First the good news—maybe—on November 12, the Federal Reserve announced that new rules governing the seemingly rampant application of overdraft fees linked to debit card use would be initiated. Now the bad news—maybe—the rules don’t come into effect until next summer—July 1st, 2010 apparently.
The development of these rules is a direct result of loud consumer reaction to the banks’ deceptive and abusive consumer lending practices.
Of course the argument that the rules will provide any real benefit at all has just begun. More on that in a minute.
So what protection will the new rules offer you? Here’s the scoop—straight from the Federal Reserve website:
The final rules would “…prohibit financial institutions from charging consumers fees for paying overdrafts on automated teller machine (ATM) and one-time debit card transactions, unless a consumer consents, or opts in, to the overdraft service for those types of transactions.
Before opting in, the consumer must be provided a notice that explains the financial institution’s overdraft services, including the fees associated with the service, and the consumer’s choices. The final rules, along with a model opt-in notice, are issued under Regulation E, which implements the Electronic Fund Transfer Act.”

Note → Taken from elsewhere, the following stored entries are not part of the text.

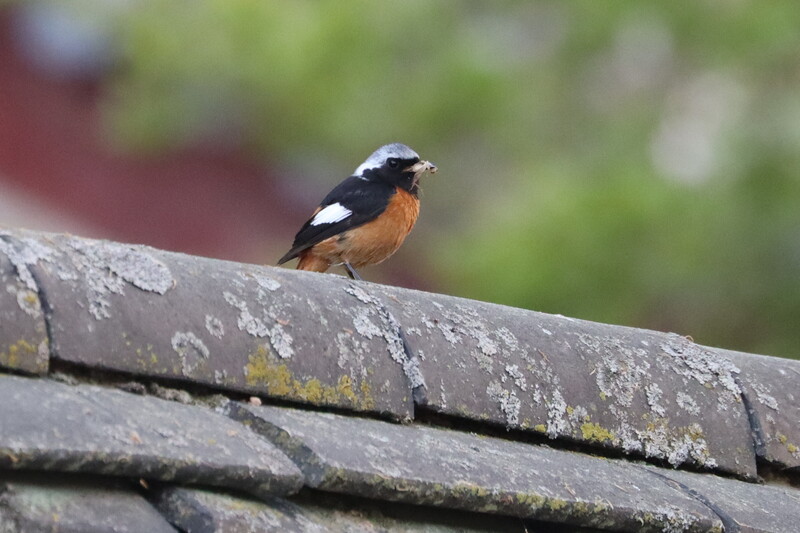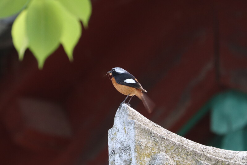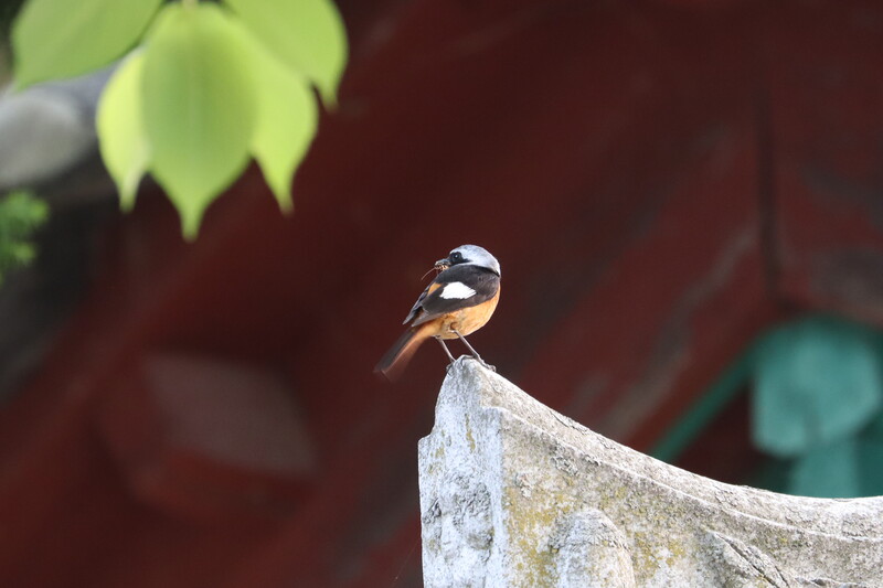 A male Daurian redstart is holding a bug in his mouth for its chick.
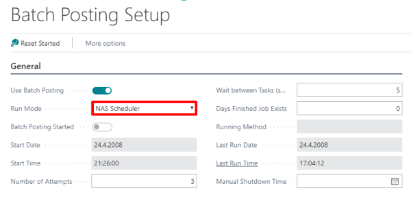 - Open the Batch Posting Setup page, and in the Run Mode field, select NAS Scheduler :
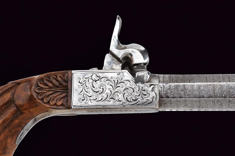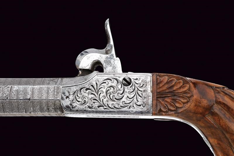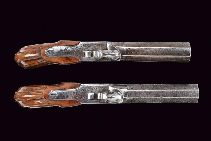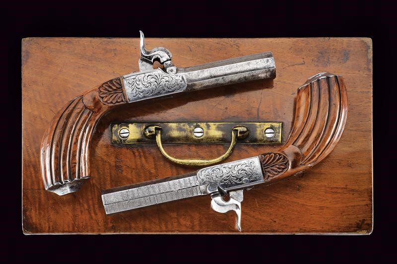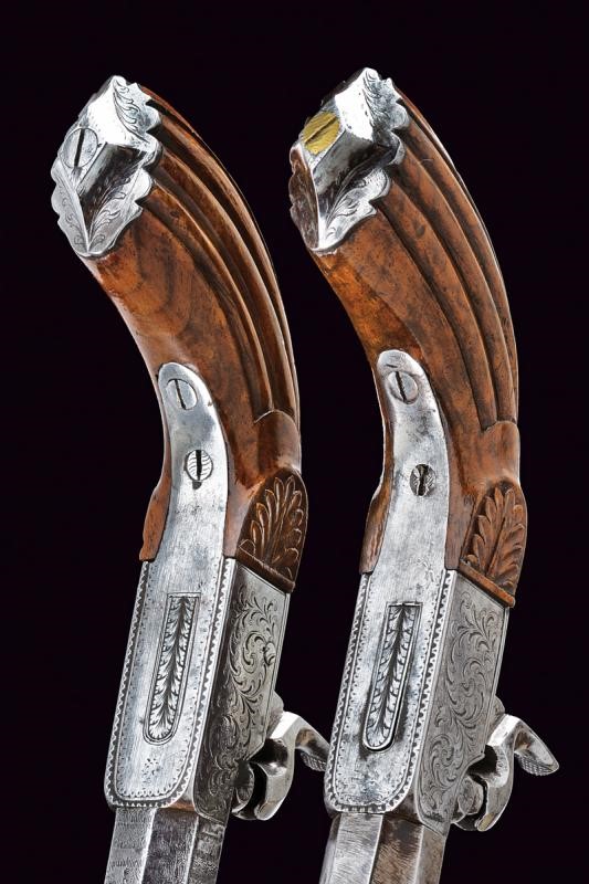 Round, smoothbore, damask, 11.5 mm cal barrel (one of the pocket pistol with the barrel replaced and, therefore, different from the original, the change was made in time of use; the replacement barrel is made of damask, but of slightly-shorter length). Finely engraved, box-lock type frames engraved with floral motifs, off-centre hammers and foresight. Foldaway trigger. Beautiful, grooved, wooden stocks, the front parted carved with a flower. Pronounced, faceted butt-plates engraved en suite with the frame. In a wooden case lined with brick-red velvet (signs of time) and provided with a single tool, lid with brass handle.
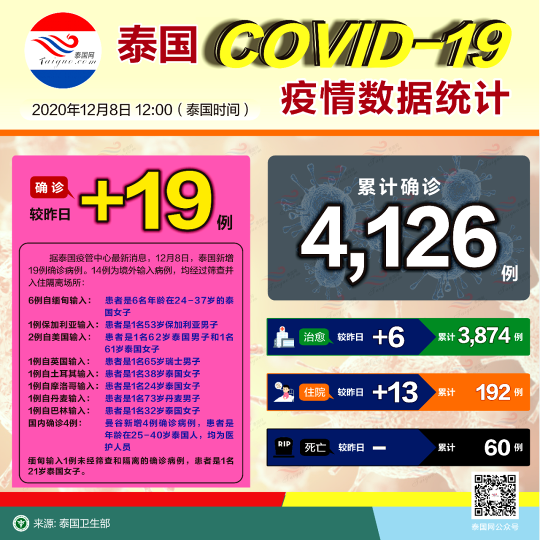 据泰国疫管中心最新消息,12月8日,泰国新增19例确诊病例。
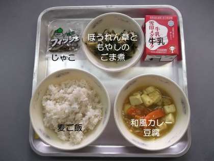 今日の献立は,『麦ご飯』『和風カレー豆腐』『じゃこ』『ほうれん草ともやしのごま煮』『牛乳』です。
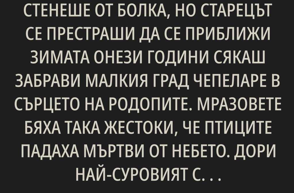Зимата онези години сякаш забрави малкия град Чепеларе в сърцето на Родопите. Мразовете бяха така жестоки, че птиците падаха мъртви от небето. Дори най-суровият стопанин не би изгонил кучето си на такъв студ, но точно по време на най-страшната виелица старият ловец Христо, когото всички познаваха като Белобрадия, навлезе в дълбоката гора. Не го пускаше тревожно чувство, лепнещо по мислите му като невидим сняг.

Presumably, this means you really do need to read the fine print when you get your bank cards. And the blurbage on the website goes on to state that if you choose not to opt for automatic overdraft protection you will not be penalized. The site states:
“To ensure that consumers have a meaningful choice, the final rules prohibit financial institutions from discriminating against consumers who do not opt in. The final rules require institutions to provide consumers who do not opt in with the same account terms, conditions, and features (including pricing) that they provide to consumers who do opt in. For consumers who do not opt in, the institution would be prohibited from charging overdraft fees for any overdrafts it pays on ATM and one-time debit card transactions.”
Now, overdraft fees will continue to be charged against checks that “bounce”—so these rules presumably only relate to debit cards—and only to certain types of transactions—gotta read the fine print—when it comes out.
Some parties are arguing that these rules will not benefit the consumer in the long run because most community banks will simply opt out of overdraft protection to avoid paying the costs and penalties of complying with the rule. The argument goes something like “it will reduce access to credit just when it is needed most.”
Of course all possible outcomes are hypothetical at this point. For my money, I’d be willing to bet most banks won’t opt out. According to an article in the New York Times, federal officials believe that the banks hauled in somewhere between “$25 billion to $38 billion a year in overdraft fees, including fees for checks and electronic transactions not covered by the new rules.” Even if those numbers are reduced by 75 percent the revenue is still pretty substantial.